The UPV/EHU's Design in Digital Electronics Group has managed to implement a whole computational intelligence system on a single chip that can be embedded into intelligent environments. The system has been tested in two environments: the iDorm environment, a study-bedroom developed by the Intelligent Environments Group of the University of Essex, and the car environment, thanks to the data obtained by the Sabanci University in Istanbul in the car known as the Uyanik.
A single chip to identify and monitor the way vehicles are driven
A researcher at the UPV/EHU-University of the Basque Country has come up with a small, autonomous, low-power system capable of monitoring a range of intelligent environments
- Research
First publication date: 07/01/2016
Raúl Finker, a researcher in the Department of Electricity and Electronics of the UPV/EHU's Faculty of Science and Technology and who has recently received his PhD, has managed to implement an artificial neural network and its learning algorithms in a small integrated circuit designed to be embedded into intelligent environments. Neural networks are one of the most widely used techniques in computational intelligence: they are inspired by the brains of living organisms and have the capacity to learn and adapt to changes in the environment thanks to different learning algorithms.
To achieve this, he used programmable logic devices that enable the whole system that is needed to be implemented on a single chip by making use of a hardware/software architecture: the neural network was implemented in the hardware, and the learning algorithms in the software. What is achieved this way is that the data are processed far more quickly than normally and their incorporation into ambient intelligence environments is fast and does not take up a lot of space. An ambient intelligence environment is a model of interaction in which people are surrounded by an electronic environment which picks up their presence, is context-sensitive and responds in an adaptive and non-intrusive way to the needs and habits of the users.
A fully autonomous system capable of adapting to a user
Two intelligent environment applications have been developed to demonstrate that the hardware/software architecture proposed can be used in the ambient intelligence environments for which it has been designed.
The first is in an inhabited environment known as iDorm. This environment is a study-bedroom developed by the Intelligent Environments Group of the University of Essex, which provided the data they used to conduct the study. The researchers concluded that by using the system developed, it is possible to train a neural network so that it will adapt to the needs of the user of the environment and be capable of controlling the responses based on these needs. "We saw that the system was capable of adapting perfectly to a user's behaviour by controlling the various items present in the study-bedroom and that it adapted to the changes in the behaviour that this user might display during different seasons of the year," explained Finker.
The second application involved the development of a driver identifier in real time for environmental intelligence applied to the car environment.

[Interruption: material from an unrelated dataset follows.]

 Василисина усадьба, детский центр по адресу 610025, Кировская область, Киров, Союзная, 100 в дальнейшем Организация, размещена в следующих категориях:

To produce this application, the data used were provided by the Drive-Safe Consortium, specifically the data provided by the Sabanci University of Istanbul using a Uyanik saloon car. By using the data provided by the car itself, a system capable of identifying the driver based on his/her way of driving was designed. The significant difference with respect to other identification systems is that it does not require the use of other elements separate from the car, such as cameras or finger print readers, among other things. "By using the data on the car's accelerometers or through the use of pressures brought to bear on the accelerator or brake pedals, it is possible to identify the driver and obtain very good results," concluded the researcher.
This second application is paving the way for future projects, "on which we are currently working", added the researcher. Firstly, it can be used as a security system for the driver, as "it could even detect whether the driver for some reason is not driving in the way he or she usually does" and, secondly, as a security system for the car as "it could detect that the person who is driving is not one of the people who routinely uses the vehicle in question," he explained. These are two of the potential uses of the system achieved, but "it could be implemented in a whole host of applications depending on the needs and the size of network required," pointed out Finker.
Additional information
Raúl Finker (Barakaldo, 1982) studied Industrial Technical Engineering (Industrial Electronics) and Telecommunications Engineering at the University of Deusto, and did a Master's at the UPV/EHU on Advanced Electronic Systems. In September 2015 he finished writing up his PhD thesis entitled Efficient electronic implementations of adaptive systems for ambient intelligence environments, in the Department of Electricity and Electronics of the UPV/EHU's Faculty of Science and Technology; his supervisors were Javier Echanobe and Inés del Campo. The research was carried out in collaboration with the universities of Essex (United Kingdom) and Sabanci (Instanbul, Turkey).
Recent conferences
Echanobe, J.; Finker, R.; del Campo, I., "A Divide-and-Conquer Strategy for FPGA Implementations of Large Neural Network-based Classifiers" The 2015 International Joint Conference on Neural Networks (IJCNN), Killarney, Ireland, Jul. 2015
Del Campo, I.; Echanobe, J.; Asua, E.; Finker, R.; "Controlled-Accuracy Approximation of Nonlinear Functions for Soft Computing Applications. A high performance co-processor for intelligent embedded systems," 2015 IEEE Symposium Series on Computational Intelligence. Cape Town, South Africa, Dec. 2015 (paper accepted)
Photo caption: The identification system does not require the use of other elements not belonging to the car itself (Syda Productions / Dollar Photo Club).